Not really more than C. I think in Go the needs are somewhat reduced, since it
hasn't the need to use state-machines for actually linear control flow (like
making HTTP requests or reading data from a socket without being interrupted).

However there are still needs for state-machines, especially when the control-
flow isn't linear (more than one event change trigger state-changes). In that
case we are mostly back to things like switch/case statements.

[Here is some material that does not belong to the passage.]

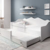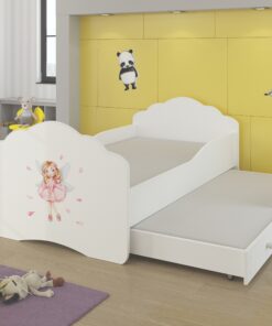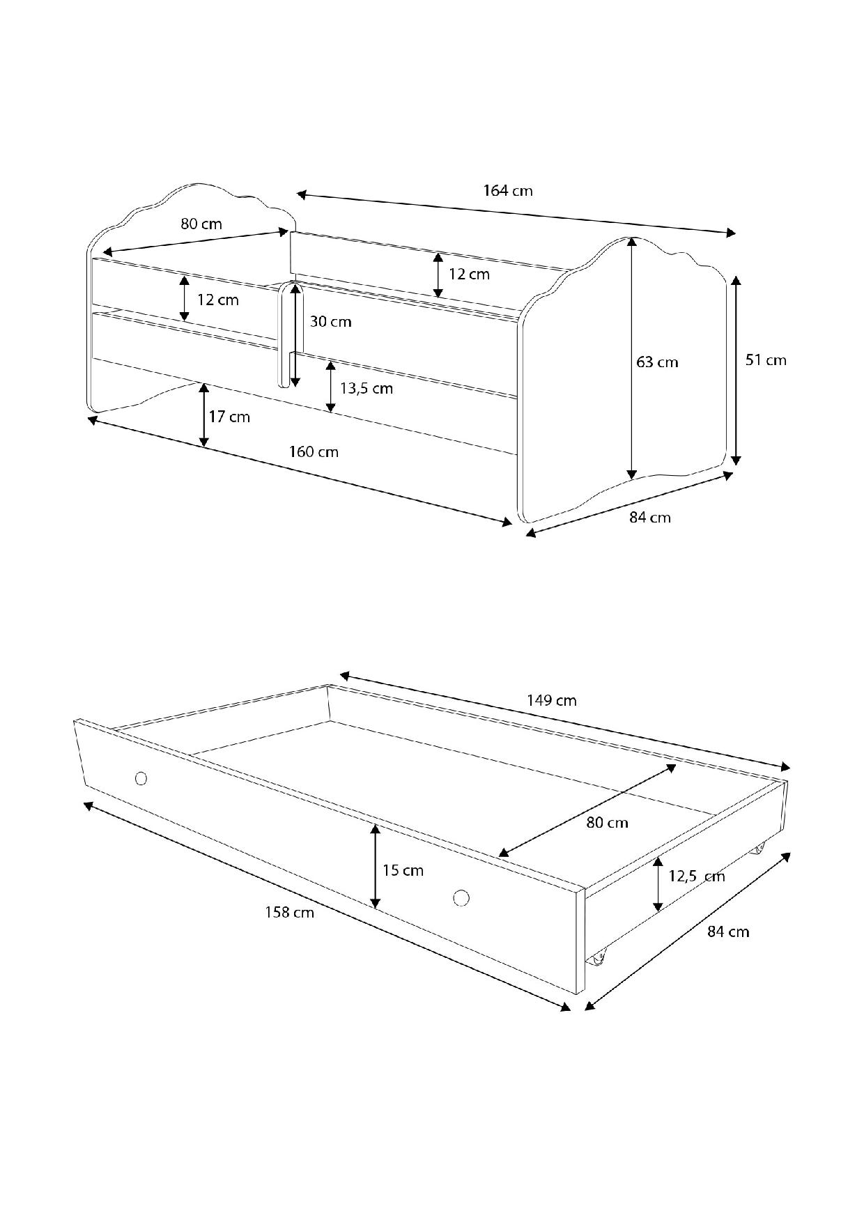 Kétszemélyes ágy a CASIMO II kollekcióból egyszerű formával, kihúzható ágyneműtartóval, amely alvás funkcióval rendelkezik, kiváló választás két testvér szobájába. Tökéletes megoldás váratlan vendégek érkezése esetén is. A számos grafikai választéknak köszönhetően könnyedén kiválaszthatod a gyermeked szenvedélyének leginkább megfelelő modellt. A gyártási folyamat során környezetbarát vízbázisú festékeket használnak, amelyek biztonságosak és ellenállóak a mechanikai sérülésekkel szemben. Ezenkívül az ágy nem rendelkezik éles sarkokkal, a grafika pedig laminálással védett. További előnye a cipzáras matrac huzata, amely könnyen eltávolítható és mosható. Ráadásul az ágy kiegészíthető egy biztonsági korláttal, amely biztosítja az éjszakai alvás biztonságát.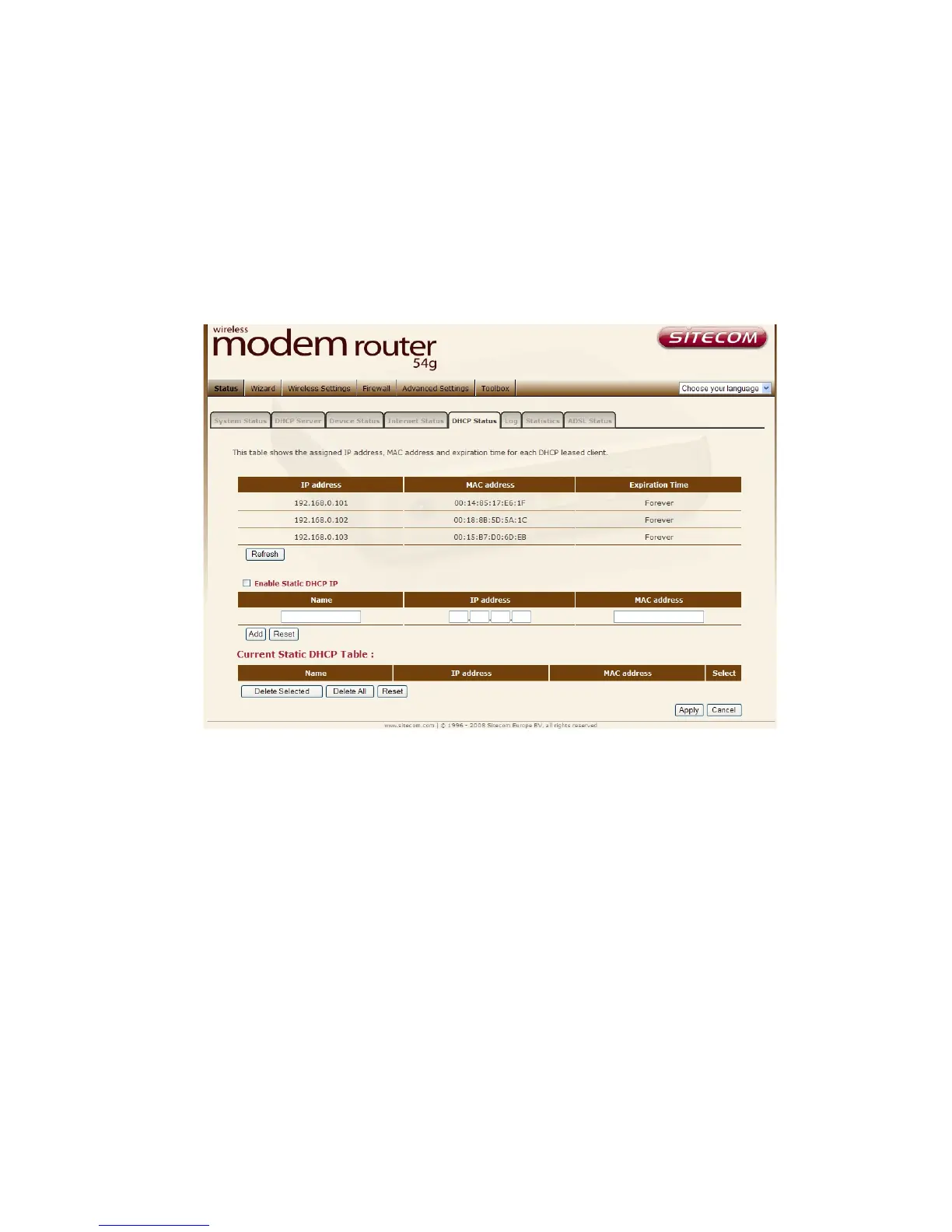 DHCP This page shows all DHCP clients (LAN PCs) currently connected to your

There are some interesting patterns for running state-machines in separate
goroutines, for letting threaded code interact with them. We can e.g. see
those in Go's HTTP/2 implementation (
[https://github.com/golang/net/blob/master/http2/server.go](https://github.com/golang/net/blob/master/http2/server.go)
). In this thing the serve() method basically is a giant state-machine that
runs on it's own thread. However that's definitely not easy to write,
understand and maintain code. A single threaded state-machine is probably much
easier to grasp for an average programmer.

------
blattimwind
I have to admit, after all these years, that I take everything coming from
that general direction with a huge grain of salt. Crossroads I/O was supposed
to be the great zmq successor and failed entirely, nanomsg was supposed to be
an even better redesign of zmq and failed and now nanomsg-ng is supposed to be
an even better design iteration on nanomsg.

Meanwhile the old/bad/bloated/poorly designed zmq just kept working fine all
these years and even got a bunch of useful new features along the way.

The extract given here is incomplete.